Additionally, because the GIS lookup workflow calls the State’s GIS services to geocode the address and find the right location code polygon this API is now dependent on those external services. Luckily, those services are heavily used and at least as stable and reliable as this API.

A New API for a New Year

In sum basically every aspect of the WA Sales Tax Rate Lookup API has been enhanced from the developer experience to the hosting requirements to the raw performance of the tax rate lookups. I hope you enjoy using this project as much as I enjoyed building it. 🥳

UPDATE

While writing this post I realized that the deployment target for this API only has a gigabyte of memory available. Despite all the other improvements, letting this app eat 900 MBs of memory isn’t good enough given this requirement. Taking a memory usage snapshot in the Visual Studio debugger revealed that a good portion of the memory consumption was coming from duplicate strings. A good solution for dealing with duplicate strings is pooling and reusing them, but implementing this yourself is awkward.
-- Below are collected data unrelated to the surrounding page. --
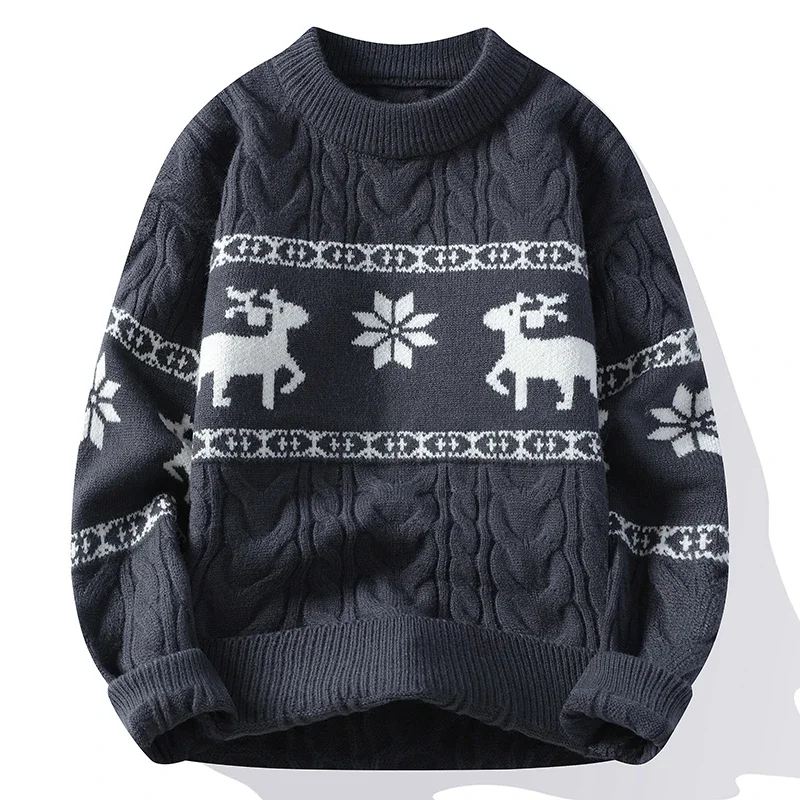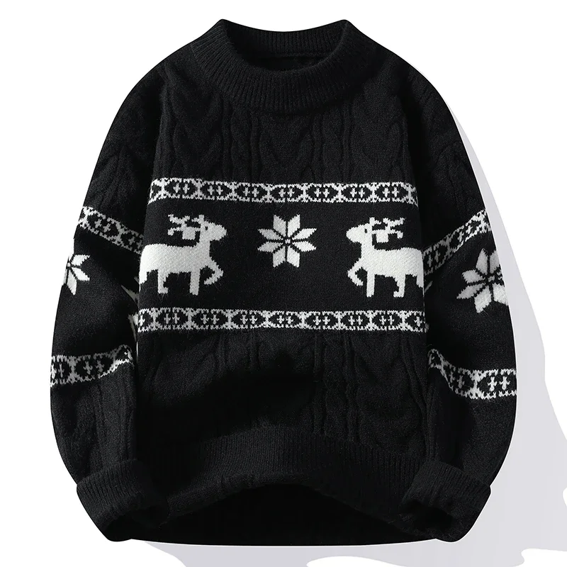 2024 New Fall Winter High End Luxury Cashmere Sweater Men Thick Warm Mens Sweaters With Deer Korean Harajuku Christmas Jumper
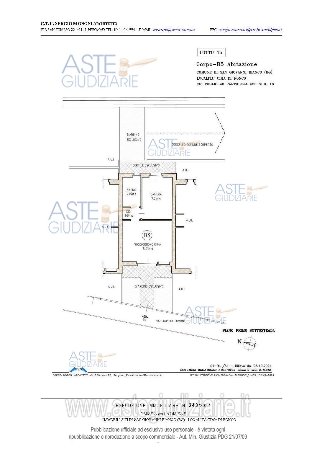 Vendita all'asta Senza incanto, con gara telematica asincrona - LOTTO 15: Appartamento bilocale a piano terra con due aree esterne esclusive. Prezzo base € 13.650,00 (offerta minima € 10.237,50). Data inizio operazioni di vendita: 26/03/2026 ore 15:00. Professionista delegato alla vendita Avv. Francesca Donati - Email "francesca.donati@dfgs.it"; Tel. 0352285711. Custode Giudiziario Avv. Francesca Donati - Email "francesca.donati@dfgs.it"; Tel. 0352285711. Rif. Tribunale di Bergamo - Espropriazione immobiliare (cartabia) n. 243/2024
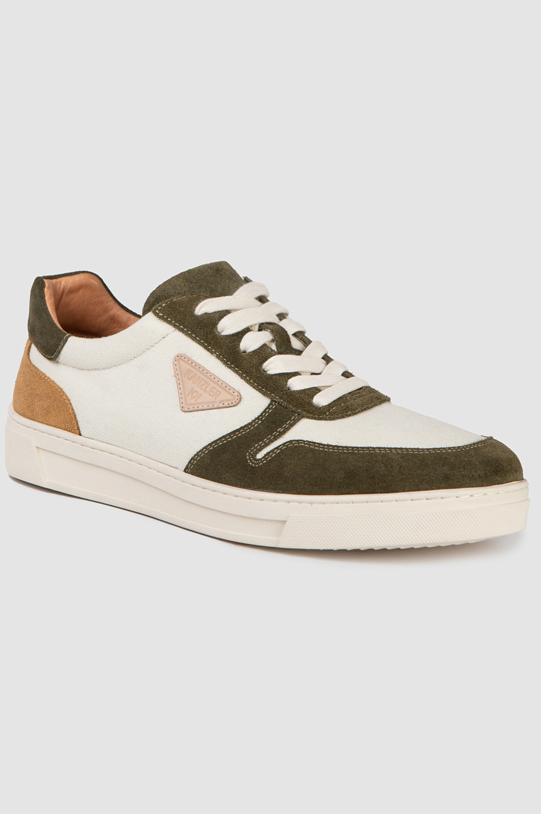 Белые стильные кеды KANZLER из практичного прочного текстиля украшены деталями из натуральной замши темно-оливкового и песочного оттенков и небольшим треугольником фирменной нашивки. В результате получился шедевр спортивной моды и современного урбанистического стиля. Подкладка и стелька из натуральной кожи обеспечивают воздухопроницаемость и комфорт. Утолщенная подошва из качественной плотной резины не стирается даже при длительной и повседневной ходьбе, обеспечивает устойчивость и уверенность при движении. В невероятно удобных кедах KANZLER можно не только легко пройти рекомендуемую дневную норму в 10 тысяч шагов, но и удвоить дистанцию.

Nearly all of these strings are allocated when we serialize the CSV files. Up to this point I’ve been using the CsvHelper library as I’m quite familiar with it. But there’s another increasingly popular library called Sep that implements string pooling for you and has some impressive benchmarks. Converting from CsvHelper to Sep was simple and it brought memory consumption down from about 900 MBs to 630 MBs. Still more than I’d like, but good enough.

UPDATE 2

Surprise that wasn’t good enough. I realized when I was reading through the Sep docs that I hadn’t enabled string pooling, which requires an explicit configuration step. Choosing the SepToString.OnePool() option used ~530 MBs. Going a step further with the SepToString.PoolPerColumn() got it down to ~430 MBs of memory consumed. Now the WA Sales Tax Rate Lookup API is using less than half the available memory on its deployment target, which leaves plenty of margin for heavier loads or incidents. How delightful.